-- Exercise --
Please set down every line of the records below exactly, without the pictures.

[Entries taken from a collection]
○ ○ ○ ○
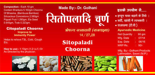 Being a high-flying name in this arena, we have developed a common network that links bank accounts and provide monetary exchange using bank deposits. We have a team of qualified personnel to ensure proper quality control of products is done so that products are as per buyer's quality requirements. Details : Composition - Each 10 gm Contain sharkara 5.162gm, choorna of Bhasma,(Bambua Bambos) Silcacious Concretions 2.580GM, Pippak Furit 1.250gm, Ela Seed 0.645gm, Tvak 0.323gm How to Use - 1-10gm(1-2 t.s.f) or as directed by the physician
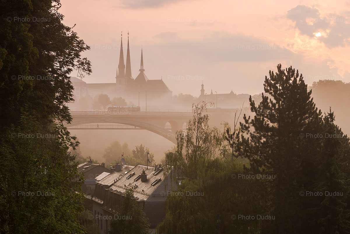 Commercial photo of Pont Adolphe bridge and Notre Dame Cathedral seen from over the Petrusse Valley in a foggy morning sunrise in Luxembourg city.
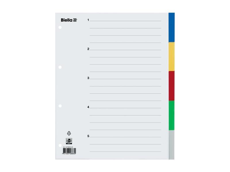 Biella Registre A4 5 pièces pour sacs de présentation, multicolores
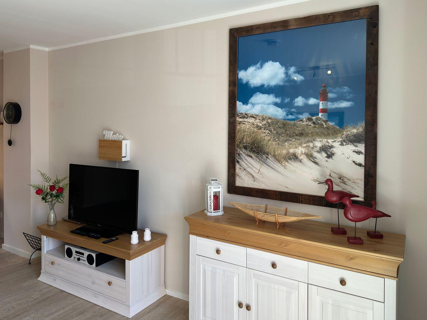 Die Wohnung verfügt über 1 Wohnraum mit WLAN, Sat-TV und offener Küche, 1 Schlafzimmer, 1 Badezimmer mit Dusche und WC; ein offener Süd-Balkon mit Möbeln (April bis Oktober).
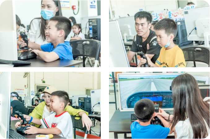 隨后,進(jìn)入到了航天知識(shí)分享和模擬器實(shí)踐操作環(huán)節(jié),資深的專業(yè)航空講師不僅給孩子們分享航空知識(shí),還介紹了模擬器的綜合儀表,導(dǎo)航儀表、油門、操縱桿等結(jié)構(gòu)及其操作方式,小朋友們一邊認(rèn)真地學(xué)習(xí)基本原理,一邊按照航空講師的步驟操作,完全沉浸在飛行模擬器、航模模擬器的現(xiàn)場實(shí)操中。“我也想開飛機(jī)在天上飛!”一個(gè)孩子興奮地對(duì)媽媽說道。
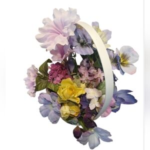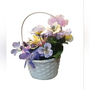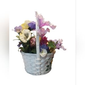 Brighten your space with this charming floral basket featuring vibrant yellow, purple, and pink accents. Perfect for adding a touch of nature to any room.
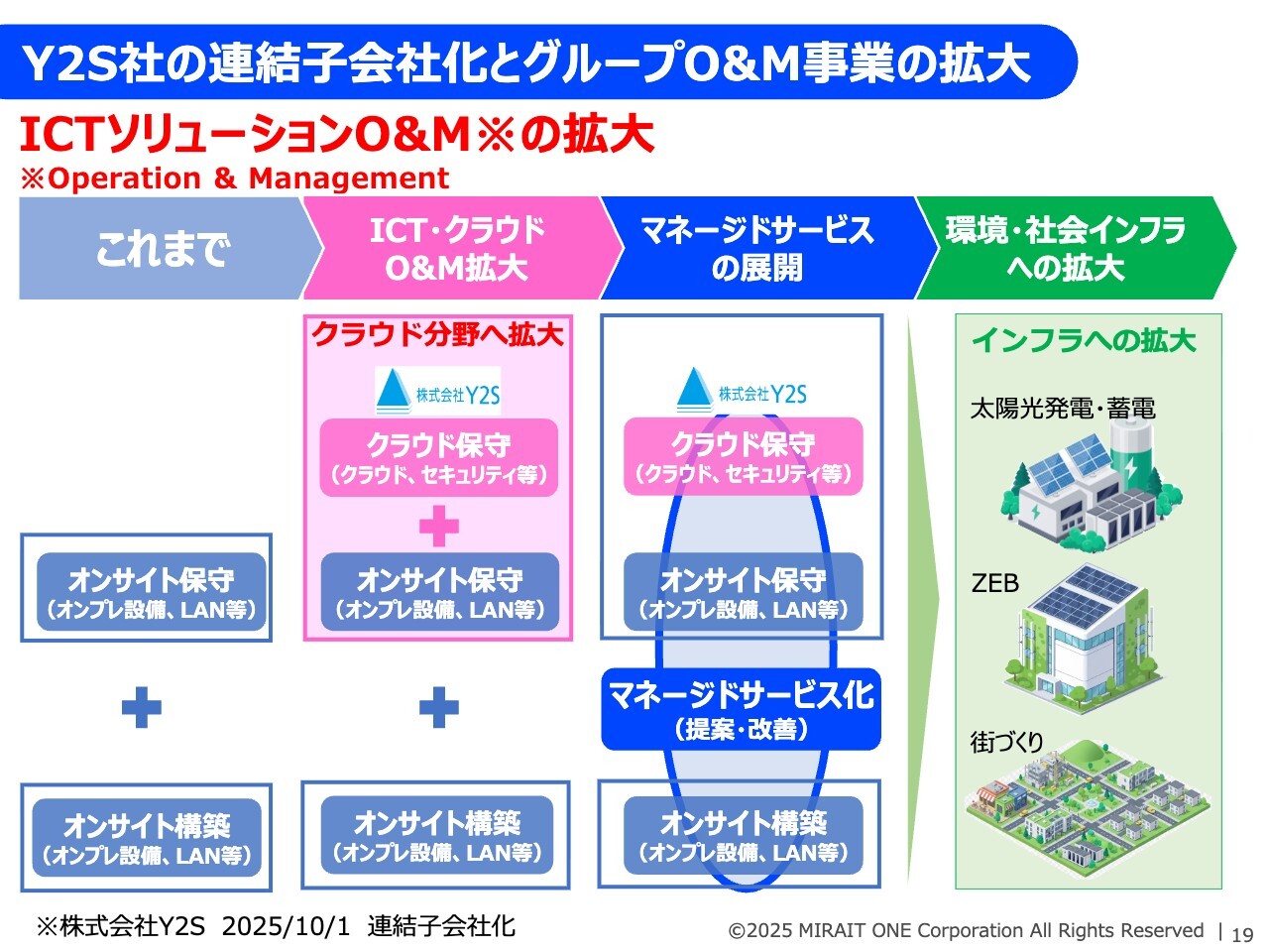 「事業領域の拡大」についてです。その1つとして、Y2S社の連結子会社化によるO&M事業の拡大について簡単にご説明します。これまでミライト・ワングループにおける保守サービスは、主にオンサイト対応を中心に行ってきました。
○ ○ ○ ○
-- Problem solution --
 Being a high-flying name in this arena, we have developed a common network that links bank accounts and provide monetary exchange using bank deposits. We have a team of qualified personnel to ensure proper quality control of products is done so that products are as per buyer's quality requirements. Details : Composition - Each 10 gm Contain sharkara 5.162gm, choorna of Bhasma,(Bambua Bambos) Silcacious Concretions 2.580GM, Pippak Furit 1.250gm, Ela Seed 0.645gm, Tvak 0.323gm How to Use - 1-10gm(1-2 t.s.f) or as directed by the physician
 Commercial photo of Pont Adolphe bridge and Notre Dame Cathedral seen from over the Petrusse Valley in a foggy morning sunrise in Luxembourg city.
 Biella Registre A4 5 pièces pour sacs de présentation, multicolores
 Die Wohnung verfügt über 1 Wohnraum mit WLAN, Sat-TV und offener Küche, 1 Schlafzimmer, 1 Badezimmer mit Dusche und WC; ein offener Süd-Balkon mit Möbeln (April bis Oktober).
 隨后,進(jìn)入到了航天知識(shí)分享和模擬器實(shí)踐操作環(huán)節(jié),資深的專業(yè)航空講師不僅給孩子們分享航空知識(shí),還介紹了模擬器的綜合儀表,導(dǎo)航儀表、油門、操縱桿等結(jié)構(gòu)及其操作方式,小朋友們一邊認(rèn)真地學(xué)習(xí)基本原理,一邊按照航空講師的步驟操作,完全沉浸在飛行模擬器、航模模擬器的現(xiàn)場實(shí)操中。“我也想開飛機(jī)在天上飛!”一個(gè)孩子興奮地對(duì)媽媽說道。
 Brighten your space with this charming floral basket featuring vibrant yellow, purple, and pink accents. Perfect for adding a touch of nature to any room.
 「事業領域の拡大」についてです。その1つとして、Y2S社の連結子会社化によるO&M事業の拡大について簡単にご説明します。これまでミライト・ワングループにおける保守サービスは、主にオンサイト対応を中心に行ってきました。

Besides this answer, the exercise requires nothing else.